▶ **Assignment**
Please reproduce the listing below exactly, leaving out every picture.

▶ **Given data**

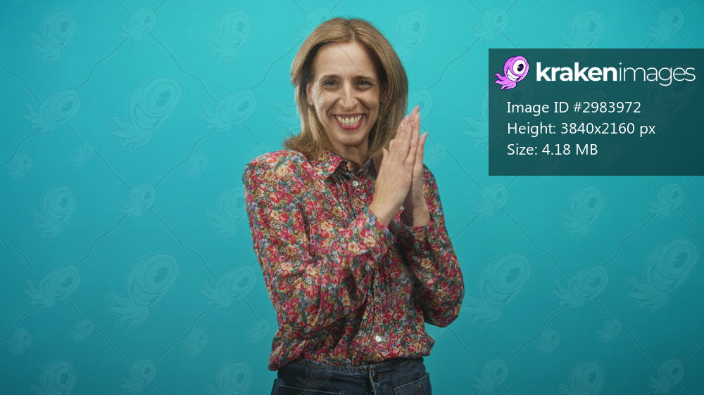 Woman clapping hands in turquoise studio wearing floral blouse and jeans, smiling broadly; joy celebration warmth.
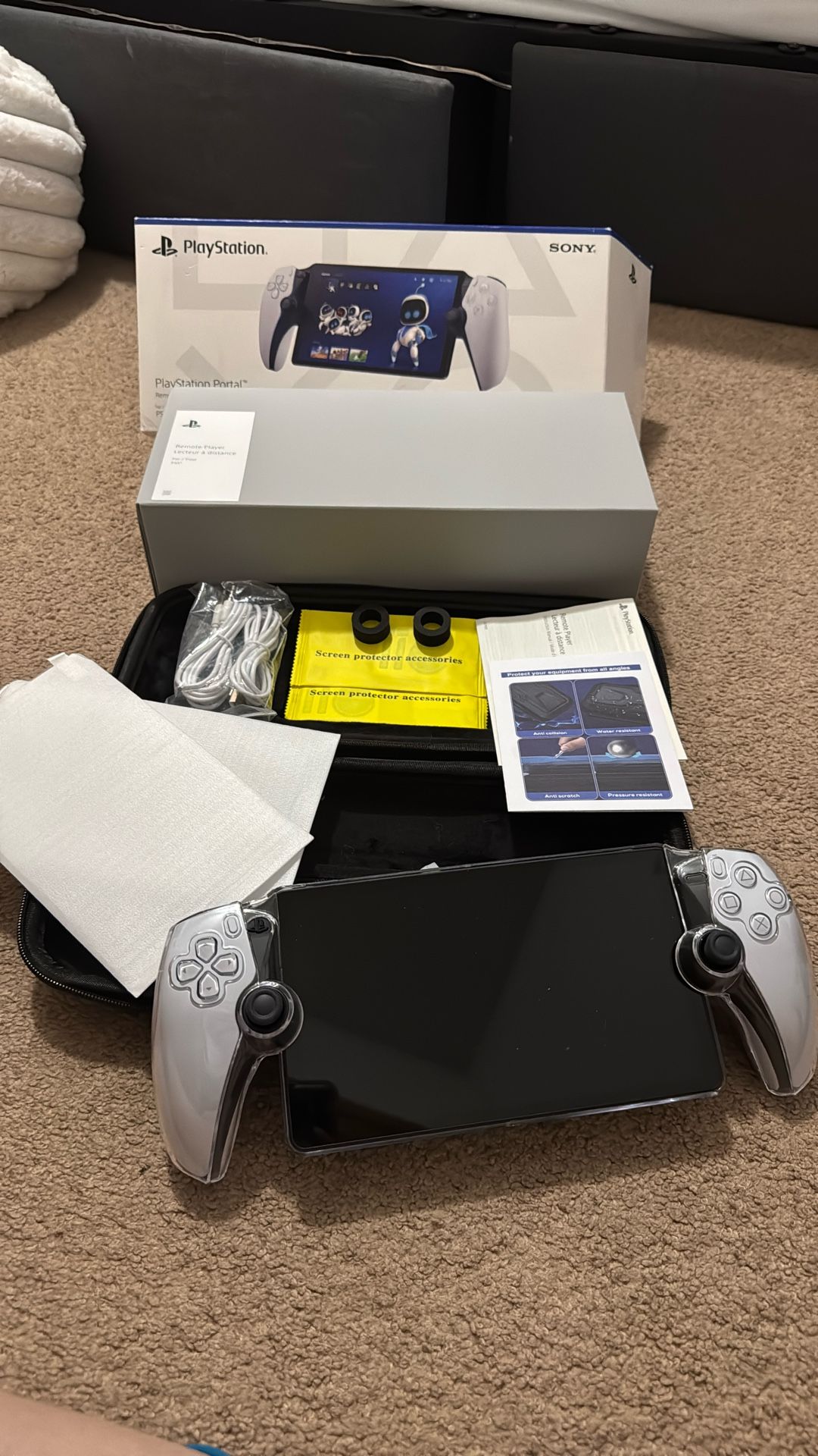 Item comes in original box with add ons including: Two unused screen protectors with accessories to apply them, separately purchased case/carrier with handle, two joystick protectors, original manuals, charging cable and aux cable. New out of box only used twice no scratches or visible wear, is ready to use, and charges correctly.
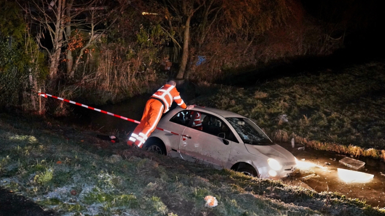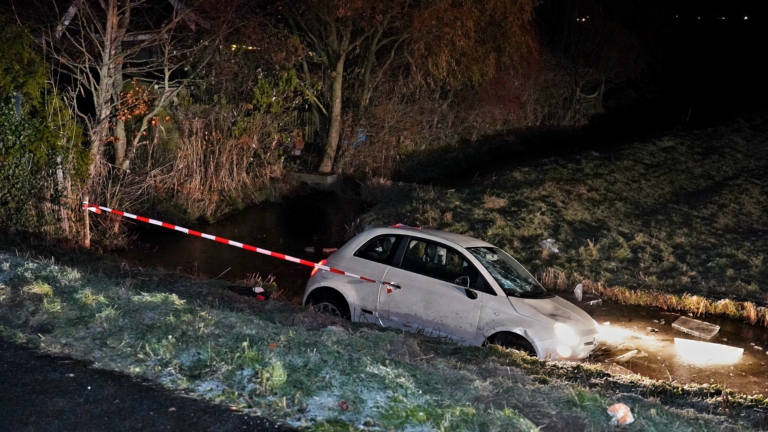 Vanwege het spekgladde wegdek is met de gealarmeerde berger overlegd en is vanwege de veiligheid besloten de auto pas later uit de sloot te halen en af te voeren.

▶ **Problem solution**
 Woman clapping hands in turquoise studio wearing floral blouse and jeans, smiling broadly; joy celebration warmth.
 Item comes in original box with add ons including: Two unused screen protectors with accessories to apply them, separately purchased case/carrier with handle, two joystick protectors, original manuals, charging cable and aux cable. New out of box only used twice no scratches or visible wear, is ready to use, and charges correctly.
 Vanwege het spekgladde wegdek is met de gealarmeerde berger overlegd en is vanwege de veiligheid besloten de auto pas later uit de sloot te halen en af te voeren.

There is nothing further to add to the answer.